Dos piquetes. El primer piquete que intentó impedir que la movilización cruzara sobre el río Guaire estaba en el puente Los Gemelos. Dos camiones de la GNB fueron colocados como barrera y delante un cordón policial de la PNB integrado solo por mujeres. "¡Las calles son del pueblo, no de la policía!", les gritaban las personas. Al ver que no cedían el paso, comenzaron a buscar otras rutas.

Más adelante estaba el segundo piquete, a la altura de Ciudad Banesco. "Sus familias también pasan necesidad", les recordó una mujer a los funcionarios. "¡Miedosos!", les decían los jóvenes. Allí estuvieron durante media hora. Parecía que los cuerpos de seguridad habían logrado detener la marcha, pero no fue así.

En un movimiento inesperado, los ciudadanos empezaron a transitar por una acera debajo del distribuidor El Ciempiés. Políticos se sumaron al recorrido y lograron llegar a la autopista Francisco Fajardo.
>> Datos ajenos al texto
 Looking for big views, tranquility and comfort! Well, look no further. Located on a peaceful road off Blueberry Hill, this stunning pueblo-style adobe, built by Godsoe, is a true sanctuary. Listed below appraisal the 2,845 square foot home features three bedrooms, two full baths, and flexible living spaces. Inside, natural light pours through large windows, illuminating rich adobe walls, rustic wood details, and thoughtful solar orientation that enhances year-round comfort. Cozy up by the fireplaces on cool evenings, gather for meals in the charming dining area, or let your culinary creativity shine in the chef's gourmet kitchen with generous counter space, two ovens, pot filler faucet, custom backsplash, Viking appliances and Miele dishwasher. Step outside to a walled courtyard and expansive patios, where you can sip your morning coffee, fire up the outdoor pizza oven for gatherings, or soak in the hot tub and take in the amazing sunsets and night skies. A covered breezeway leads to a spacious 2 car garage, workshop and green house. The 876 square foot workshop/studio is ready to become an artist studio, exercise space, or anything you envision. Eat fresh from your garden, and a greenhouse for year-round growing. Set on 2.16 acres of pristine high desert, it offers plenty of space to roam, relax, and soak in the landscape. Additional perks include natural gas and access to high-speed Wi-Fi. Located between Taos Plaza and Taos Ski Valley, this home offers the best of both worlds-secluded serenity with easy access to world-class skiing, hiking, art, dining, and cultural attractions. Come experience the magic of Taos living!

Brenda Guevara, de 63 años de edad, necesitó la ayuda de jóvenes para subir por la estrecha vereda y continuar la marcha.

La GNB empezó a cerrar el acceso a la autopista a la altura del Abasto Bicentenario de Plaza Venezuela. En ese punto la marcha se fracturó y solo un grupo logró avanzar. El resto fue dispersado con gases lacrimógenos y perdigones.
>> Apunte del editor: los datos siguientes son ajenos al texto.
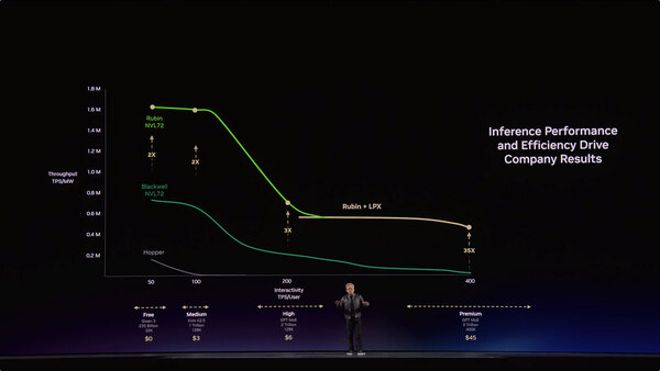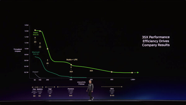 そこでNVIDIAはRubinにGroqのLPUを組み合わせることを決めた。実際Rubin単体でのLLMのスループットは、Blackwell比で2~10倍程度だが、ここにGroq 3 LPXを組み合わせることで、ユーザーあたり400 トークン/秒における性能をNVL72の35倍近くまで引き上げられる、としている。

"Nosotros no queremos ni un solo herido y no vamos a derramar ni una gota de sangre de los venezolanos. Vale demasiado para desperdiciarla", expresó Ramos.



Gas en el rostro. Capriles, que se encontraba en el grupo que llegó hasta la autopista, trató de mediar con efectivos de la PNB. Periodistas en el lugar captaron el momento cuando, en medio del forcejeo, un funcionario policial roció gas irritante por encima de los escudos de sus compañeros que dio en la cara del gobernador de Miranda y afectó también a otras seis personas a su alrededor.
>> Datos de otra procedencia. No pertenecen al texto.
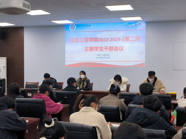 为对学生工作做出重要规划与部署,保证学生工作的顺利进行,2月26日,太阳网集团tcy8722于信息楼东713召开第二周主要学生干部会议。学生科科长马盛楠、辅导员尹宁、张智超、丁旭华出席,各年级主要学生干部到会参加。

El dirigente, que recientemente informó que estaba recibiendo tratamiento por quemaduras del sol en el rostro, fue evacuado de inmediato a un centro médico. Una hora más tarde indicó a través de Twitter que se encontraba bien.

Minutos más tarde los diputados Blanco y Márquez informaron que llegaron a la sede del CNE en Plaza Venezuela. "No logramos consignar el documento porque nos cerraron las puertas. Pero logramos cruzar hasta Libertador con unos 30 activistas de ABP", dijo Blanco.